プロローグ~とある少女の夢~
真っ暗な闇の中、それは私の心。押し殺していた思いがあふれ出して、この世界を創りだしている。
私の想いが生み出した、私だけの世界。まさにこれが「夢」なのだ。そう、ここには「夢」の世界が広がっている。
明かりがついた。辺りが照らされ、今私がこの世界のどこにいうのかがようやく分かる。ここはピアノのコンテストが行われていそうな広いホール。そこのステージにある椅子に腰掛ける少女がいる。そこにはグランドピアノは置かれていなかったが、彼女はそこにはないはずのものへと手を伸ばす。
浮いた小さな手はそのまま、宙を優しく押した。あるはずのない鍵盤が弾かれたのだ。
シの音が鳴る。音はホールを包むように、この会場に響き伝わる優しいその音が鳴り終えると、今度は激しい拍手喝采の手の音が。いつからかこの場にはたくさんの観客がいたのだと気がつく。ホールの中は満員で、私もその中の一部なのだ。

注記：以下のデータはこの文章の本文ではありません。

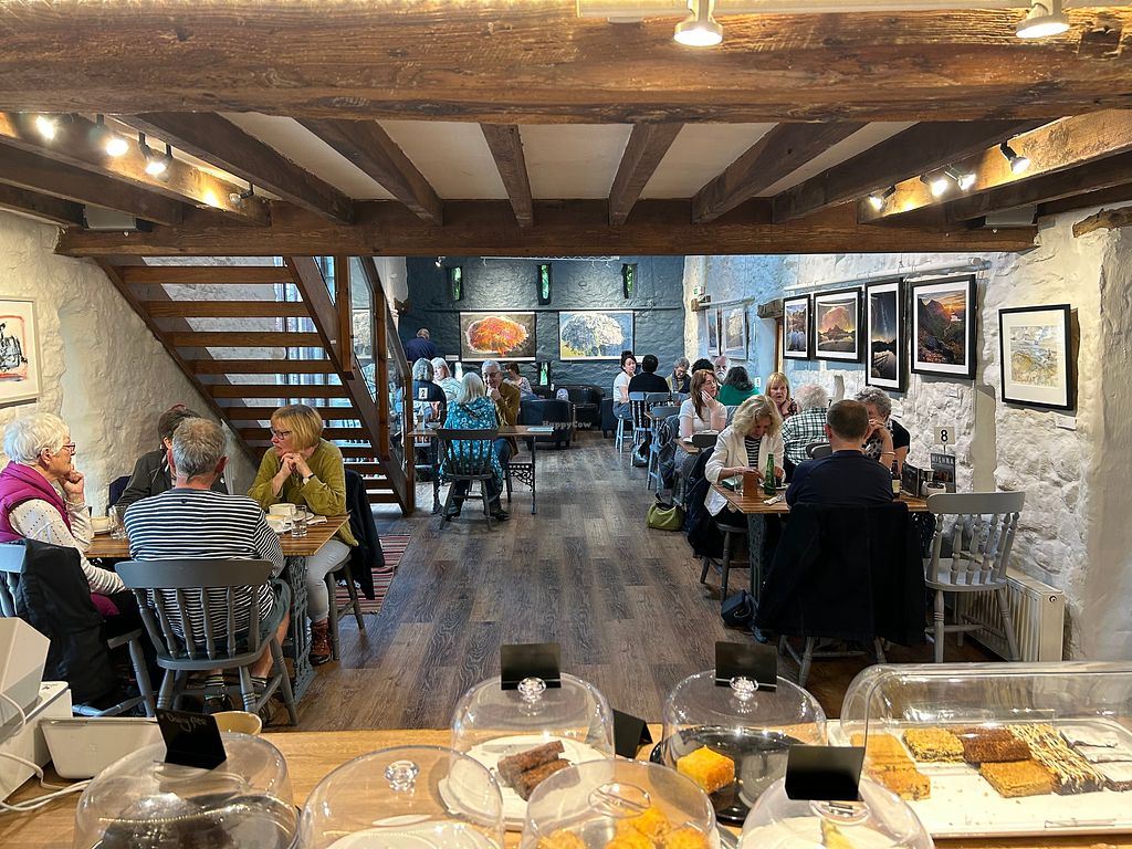 The cafe itself is mainly vegetarian with the addition of a few fish dishes, and there are around 3 or 4 vegan options. Like the previous review, they aren't the most varied dishes being stews curries etc, but they are tasty. They do serve vegan fruit crumbles with vegan ice cream, and usually have a few options here, but it is only flapjsck otherwise.

私が座るのは一番後ろの真ん中の席。
周囲から視線を感じるのは、円のように広がった椅子の上に立つ様々な制服を着た学生達からのもの。この子達もまた、何かをするわけでもなく、ただあたしのことだけを見つめている。
あたしが見つめるのは円の一番奥。その先に、一人だけ椅子の横に立っている子がいる。
その子はレンズの割れた眼鏡をかけて、血に汚れたブレザーを着ている男の子。その目はこちらに向けられているけれども、その光のない目があたしのことを捉えているかは分からない。
––––大丈夫?
聞いてみると、男の子は可愛らしく首を傾げた。
––––何がだい?
––––その怪我。どうしたの?
––––あぁ、これかい? ちょっと刺されただけだよ。
––––痛くないの?
––––痛くないさ。何かを守る為になら、僕は何を失っても構わないからね。そうだね、友も世界も、この命すらも躊躇わず捨ててみせるよ。
男の子は笑って言った。
コレをこの子の覚悟だというのなら何が、誰がここまでこの子を動かしたというのだろう。
知りたい。そう思う。
ただこの子のために、という理由ではなくて、ただヒトの持つ好奇心として。素直に。
––––ん? 知りたそうな顔をしているね。
––––えぇ、そうね、知りたい。ねぇ? 教えて。あたしは貴方のことが知りたいの。
男の子はまた笑った。周りを見れば、椅子の上に立つ学生達も、男の子に共鳴するかのように笑っている。
––––いいとも。
その声は男の子の声だけでなく、学生達の声も混じっている。オペラのように、その声は部屋に響き渡る。
––––君に教えよう。僕のことを。そう、君は知らなくてはいけないんだ。
奥の男の子から、光のない目からあたしを試すかのような視線を向けられる。
あたしは男の子の視線に応えるべく、椅子を降りた。円になった椅子を避けつつ、男の子の元へ歩いていく。視線に距離がなくなってくると、よりその目に光がないことが見えた。
そして、あたしは男の子の目の前に立つ。
すると男の子は今まで座っていなかった椅子に腰をかけ、顔をこちらに向けた。
––––よしよし、来たね。その気配は中々に上等じゃないか。素晴らしいね。さてさて、それじゃあ始めようか?
男の子はその手をパンッと叩き、舞台の開演を合図した。
––––全ては君から始まったのさ。